Aile içi iletişim, gelişimin her döneminde önemlidir; ancak ergenlik dönemi gibi krizlerin ve çatışmaların beklendiği gelişimsel süreçlerde sağlıklı iletişim, bu krizlerin doğru yönetilmesini ve çatışmaların çözümlenmesini sağlar. Bu nedenler anne-baba-çocuk arasındaki iletişimin bebeklik döneminden itibaren doğru modellerle kurulması, gelişimin ilerleyen dönemi olan ergenlik sürecinin de daha kolay atlatılmasının zeminini oluşturur. İletişim sayesinde ergen, aile desteğini hisseder ve bu doğrultuda kararlarını alır. [xii]

Ebeveynlerin çocuklarıyla sağlıklı bir iletişim kurmasında bilindik iletişim kanalları vardır. Bunlar dinleme, konuşma ve beden dili olarak üç kısımda incelenebilir.

Dinleme

Ebeveynlerin çocuklarıyla sağlıklı bir iletişim kurmasının ilk şartı, onları ciddiye alıp dinlemekten geçer.

Dinleme, görüntülerin ve seslerin farkında olarak bu uyaranlara dikkati verme ile başlayan, belirli işitsel uyaranların tanınması ile devam eden ve bu işaretlerin anlamlandırılması ile son bulan süreçtir. Dinlemenin içeriğinde ilgi, algı ve tepki verme olarak üç süreç bulunmaktadır. Dinleyici, karşıdan gelecek olan mesaja ilgi göstermeli, mesajı algılamalı ve karşılığında bir tepki vermelidir. Buradaki tepki verme sürecinin olmaması durumunda dinleme süreci tamamlanmaz ve iletişim süreci yalnızca işitme ile sınırlı kalır.[xiii]

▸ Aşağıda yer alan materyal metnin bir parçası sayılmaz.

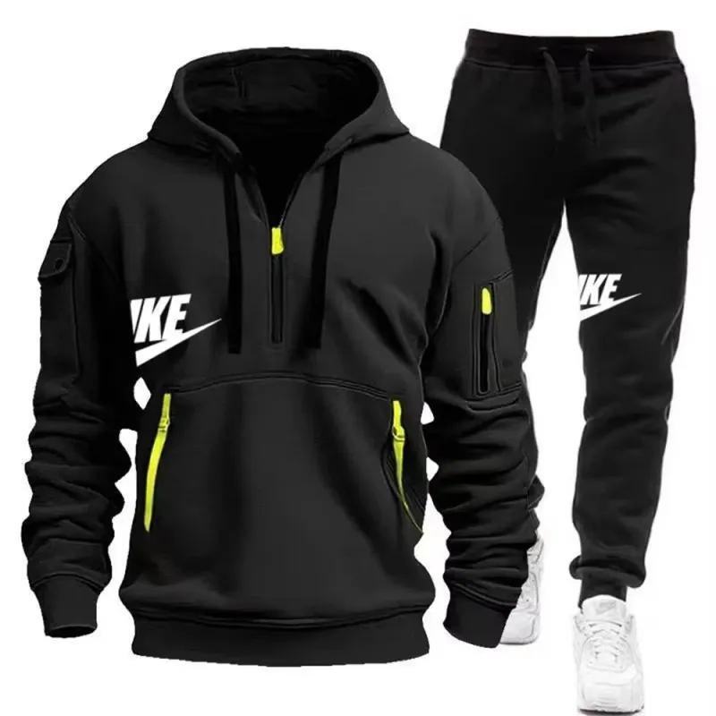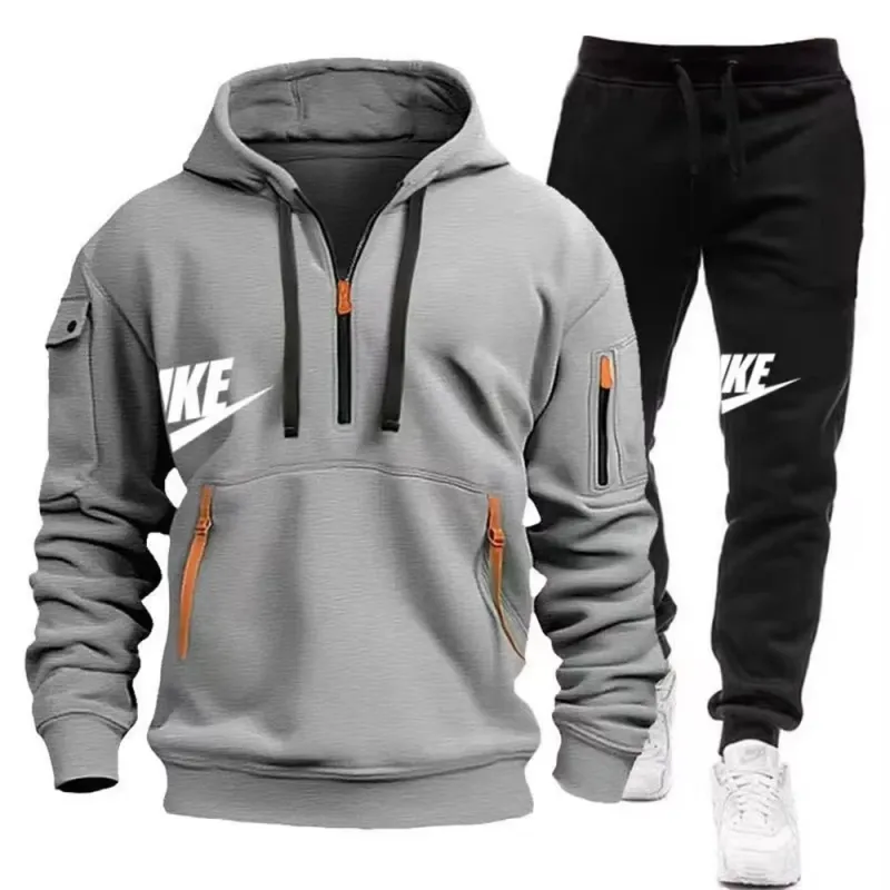 New men's autumn and winter suit zipper hoodie + trousers suit casual men's sportswear warm suit
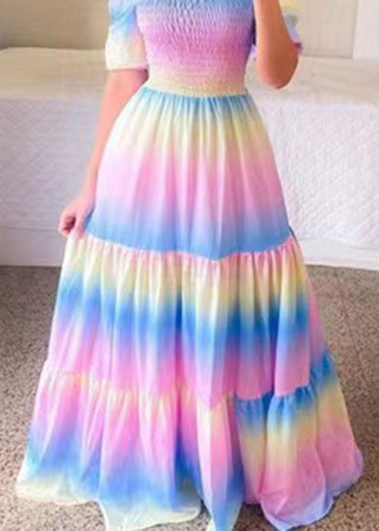 Beautiful Purple Off The Shoulder Wrinkled Print Patchwork Cotton Dress Summer
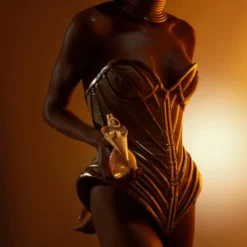De fremhævede kurver og den koniske buste, hylder en solar kvindelighed med en utæmmet ånd. Hendes omnipotente kraft er guddommelig og strålende.
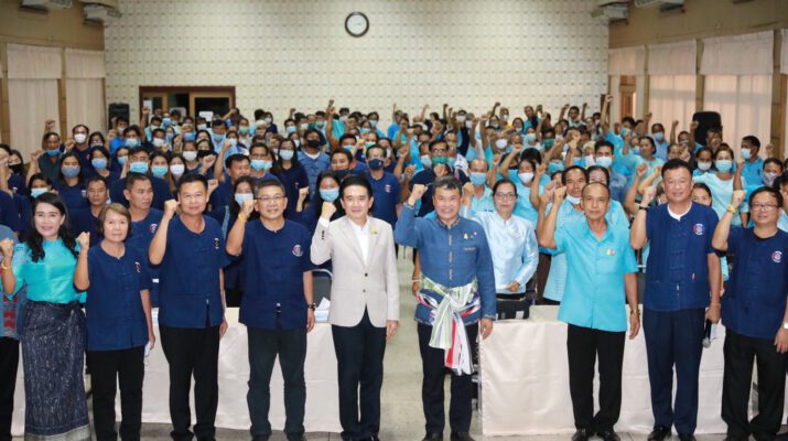 เมื่อวันที่ 27 ส.ค. เวลา 13.30 น. นายสุทธิพงษ์ จุลเจริญ อธิบดีกรมการพัฒนาชุมชน กระทรวงมหาดไทยเดินทางไปยังห้องประชุมร่มไทร องค์การบริหารส่วนจังหวัดหนองคาย อ.เมืองหนองคาย จ.หนองคาย เพื่อมอบนโยบายการขับเคลื่อนการพัฒนาพื้นที่ต้นแบบการพัฒนาคุณภาพชีวิต ตามหลักทฤษฎีใหม่ ประยุกต์สู่ “โคก หนอง นา โมเดล” ให้แก่ ชุมชนต้นแบบ 26 ชุมชน ครัวเรือนต้นแบบ 124 คน และเจ้าหน้าที่พัฒนาชุมชน 20 คน รวม 170 คน โดยมีนายไพโรจน์ โสภาพร พัฒนาการจังหวัดหนองคาย บรรยายสรุปผลการดำเนินงานพัฒนาชุมชนในพื้นที่
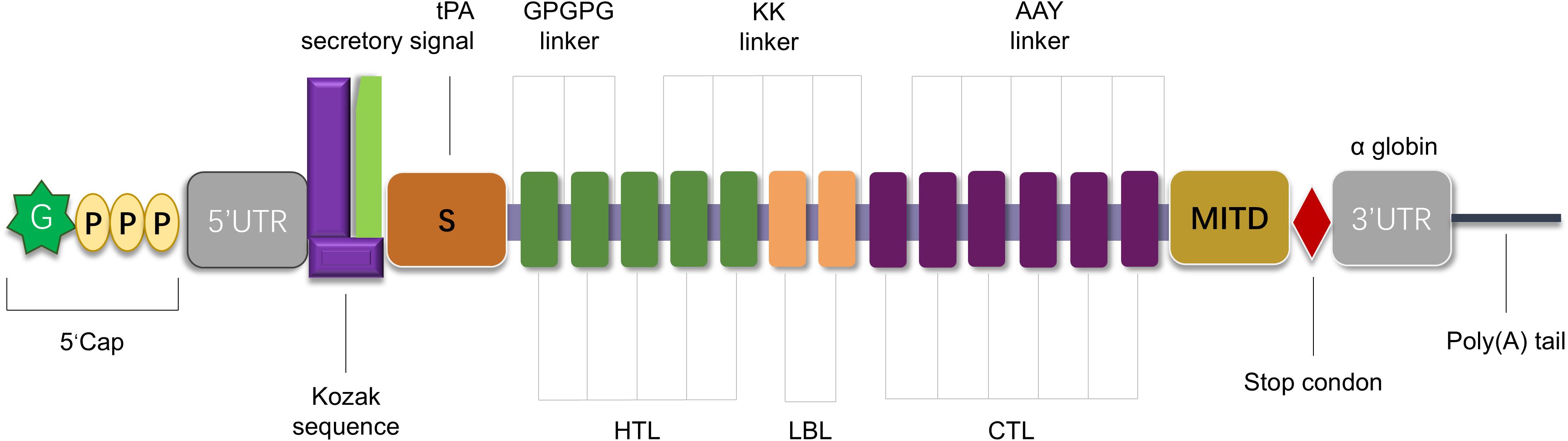 A potent mRNA vaccine construct requires systematic integration of five critical components (1): an open reading frame (ORF) encoding antigenic elements (2), the Untranslated Regions (UTRs) flanking the coding regions, (3) a Kozak sequence incorporating the start codon (GCCACCAUGG) to enhance translational initiation (37), (4) functionally optimized linkers, and (5) regulatory termination signals. The proposed construct features a 5’→3’ architecture comprising a modified 5′m7GCap structure, followed by an optimized 5’ untranslated region (5’UTR) and Kozak sequence to maximize ribosomal engagement. The ORF initiates with a signal peptide for intracellular trafficking, connected via an EAAAK rigid linker to helper T lymphocyte (HTL) epitopes interconnected through GPGPG spacers that maintain domain autonomy. This HTL cluster transitions via KK linkers to linear B-cell epitopes (LBL), followed by AAY-linked cytotoxic T lymphocyte (CTL) epitopes strategically positioned upstream of an MHC class I trafficking domain (MITD). The MITD sequence enhances immunogenicity through dual mechanisms: 1) optimizing antigen presentation efficiency via endosomal targeting motifs, and 2) directing vaccine components to antigen-processing compartments. Epitope segregation through GPGPG, KK, and AAY linkers ensures proper conformational folding while preserving immunological functionality. The construct terminates with a UAA stop codon, a stabilizing 3’ untranslated region (3’UTR), and a 120-nucleotide poly(A) tail to ensure mRNA stability and translational fidelity. This multi-layered design leverages structural bioengineering principles to balance epitope accessibility, intracellular trafficking efficiency, and immune activation capacity.
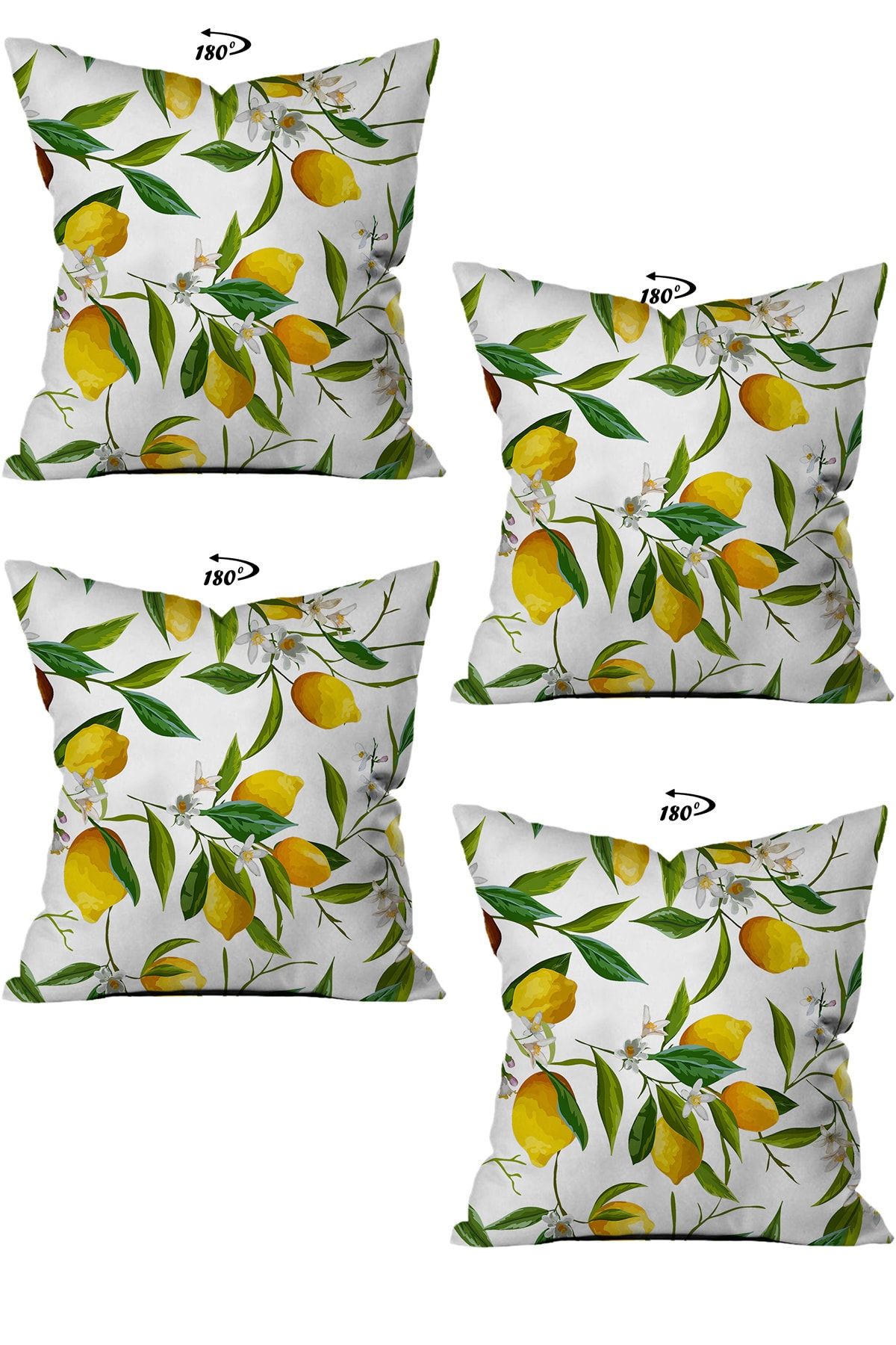 Sarı Limonlar Tasarım Çift Taraflı Dijital Baskılı 4’lü Dekoratif Kırlent Kılıfı
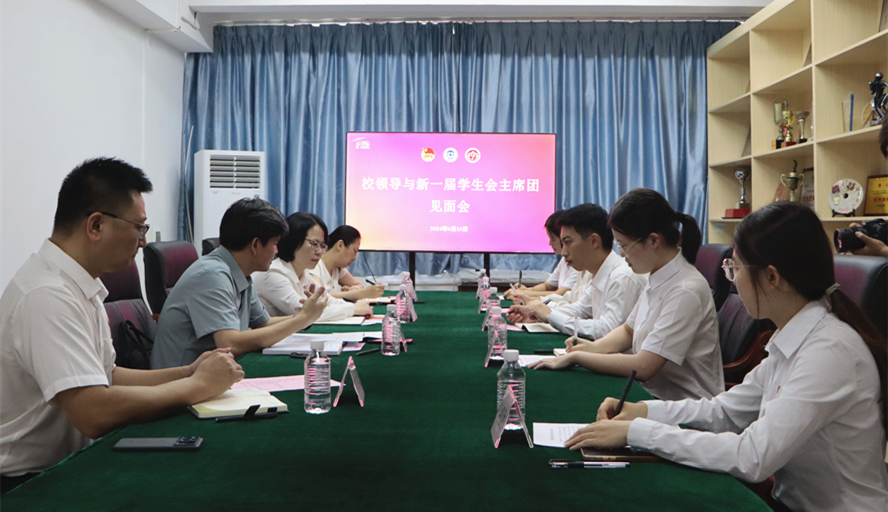 本网讯 6月11日上午,我校领导与新一届学生会主席团座谈会顺利召开。校党委副书记欧洪湛、团委领导班子及万象城娱乐awc线路第十一届学生会主席团成员参加座谈会。会议由团委书记马舒洁主持。

İletişim sürecinde iletişimi olumlu veya olumsuz bir şekilde etkileyen farklı dinleme çeşitleri vardır. İletişimi olumlu etkileyen dinleme biçimleri; etkin bedensel dinleme, edilgin (pasif) dinleme ve aktif (etkin) dinleme şeklinde sınıflandırılır.

Etkin bedensel dinlemede ebeveyn, çocuğun hem sözlerini, hem de jest ve mimiklerinden oluşan beden dilini dikkate alır. Bu süreçte sadece ona, onu dinlediğini ve anladığını belirten uygun jest ve mimikleriyle cevap verir. Bu sırada ebeveynin beden duruşu da önemlidir. Çocuğa yüzü dönmüş bir şekilde rahat ve doğal bir pozisyon alınır. Onunla göz temasını kesmeden sıcak bir yüz ifadesiyle, baş ile onay hareketleri ve zaman zaman ona dokunarak dinliyor olması, çocukta ebeveynin kendisini dikkatli bir şekilde dinlediği izlenimi verdiği gibi, bu durum çocuğun kendisini daha rahat bir şekilde ifade etmesine de yardımcı olacaktır.

Pasif dinlemede ebeveyn sessiz bir şekilde çocuğunu dinler, ancak daha önce de belirttiğimiz gibi baş sallamak, öne doğru eğilmek, gülümsemek, kaşlarını çatmak gibi bedensel dinleme davranışları ve ara sıra “Ya!”, “Öyle mi?”, “Sonra?” gibi kısa kelimeler ile onu onayladığını göstererek dinlediğini hissettirir. Ebeveyn sessiz kalarak çocuğuna kendini ifade etme imkânı sağlamış olur.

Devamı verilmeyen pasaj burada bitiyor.